"Unless you're a sophisticated health care customer, it is impossible to really navigate the system when it comes to facility fees."
Victoria Veltri
Hospital groups in Connecticut have defended the increasing practice of charging facility fees. These are charges that may be billed separately to patients, and vary depending on where the care was delivered.
State comptroller Kevin Lembo brought hospital officials before a public hearing because of concerns that consolidation of hospital groups has led to rising costs to both the state and individual patients.
Healthcare Advocate Victoria Veltri told lawmakers that her office has been receiving increasing numbers of complaints about arbitrary fees.
"You couldn’t derive what the fee was from the actual service that the patient was getting," Veltri said. "The fees seem to be across the spectrum. In some cases, we’ve had patients with $5000 facility fee charges, and $25.00 facility fee charges.

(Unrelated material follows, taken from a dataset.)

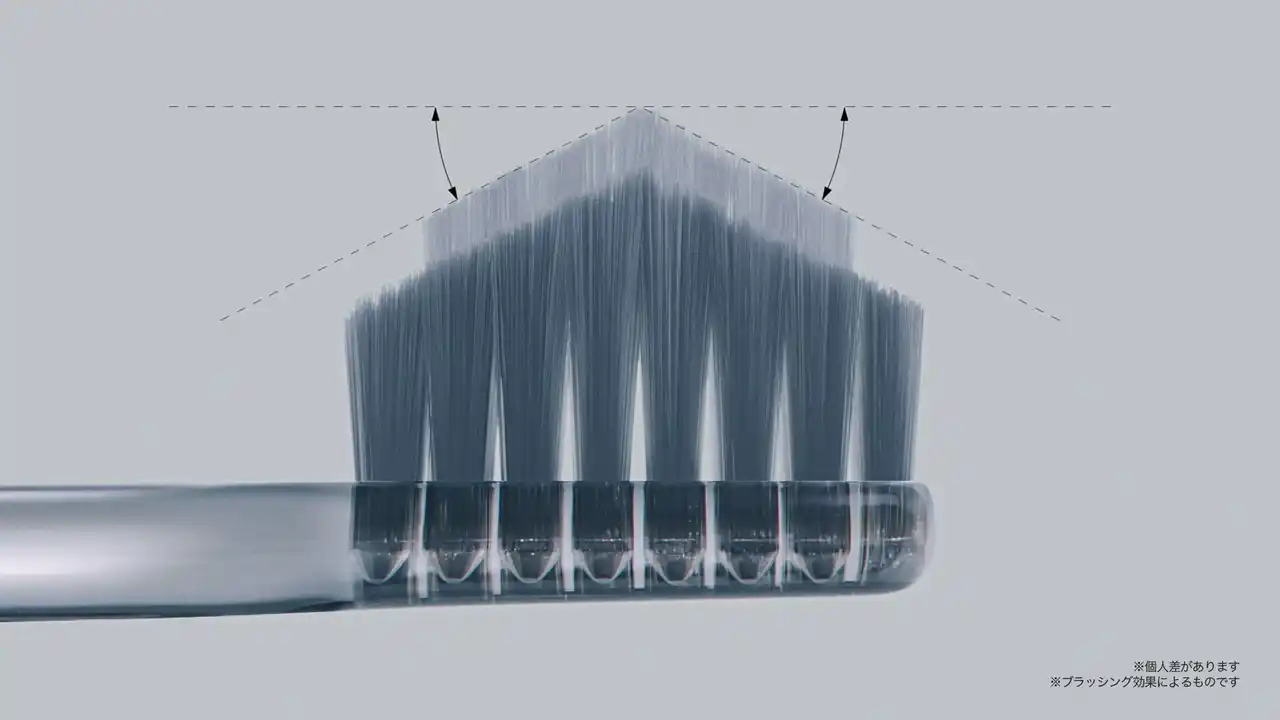 特許技術取得*のピラミッド形状のブラシが、「歯と歯のすき間」や「歯と歯ぐきの境目」の見えない汚れを落とします。隙間汚れをなぞるだけで効率良く落とせるため、どなたでも磨き残しが少なくなる画期的な歯ブラシです。本当に磨ける歯ブラシとして、多くの歯科医の方にも絶賛のお言葉を頂いており、歯科医院においてもお取り扱いを頂いています。 |

And unless you’re a sophisticated health care customer, it is impossible to really navigate the system when it comes to facility fees."
Hospital officials who gave testimony pointed to the high cost of charity care, falling state reimbursements for Medicaid, and the increasing complexity of things like cancer care.
Patrick McCabe of Yale-New Haven Hospital said his system faces millions in shortfalls on care because of these factors.
"We are the largest provider of Medicaid services in the state of Connecticut, both in terms of percentages of patients that we treat on a daily basis, and the raw numbers of patients," McCabe said. "For those patients we get paid about 59 cents on the dollar of cost. So given those complexities, the place where that funding is made up is really on those privately insured patients."
Some health insurers may not cover facility fees, meaning patients can be left with big out of pocket expenses.